There is still a big risk for the Royal Bank of Scotland as the teams (ie the manufacturers) are only committed to the sport until 2012 - through a commercial agreement they have with SLEC - and they may decide that they wish to demand a bigger share of the sport's earnings after that. The new loan means that all the available cash will be used up paying off the loans - in much the same way as the Formula One Eurobond used up all available cash for much of the last seven years. There is still talk of a new Concorde Agreement being signed soon but the teams know that if they commit to that they will be tied into deals which pay them only half the money that is raised by the sport.

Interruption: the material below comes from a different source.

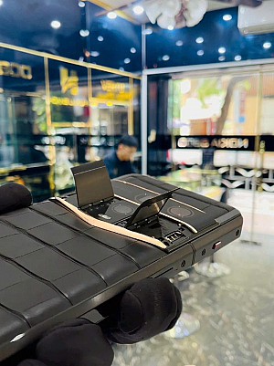 Ngay khi cầm trên tay Vertu Agent Q Black Premium Set Single Gold Accent Iron Black Alli 1TB, người dùng sẽ cảm nhận được sự đẳng cấp đến từ lớp da cá sấu liền mạch bao trọn thân máy, mang đến cảm giác mềm mại nhưng vẫn đầy chắc chắn. Bộ khung Falcon-Wing chế tác từ thép không gỉ kết hợp cùng bản lề chuẩn Thụy Sĩ giúp từng thao tác mở – đóng trở nên mượt mà, bền bỉ theo thời gian.

The big question is obviously the term of the loan because Formula One will struggle to pay $2.9bn in the course of 10 years. Incomes have been consolidated and revenues have risen but so too has the need to pay out more to the teams. The danger is that if the term of the loan is too long, the teams might finally walk out and do their own thing in 2012 as they must eventually get tired of being used to fund big banks and trust funds.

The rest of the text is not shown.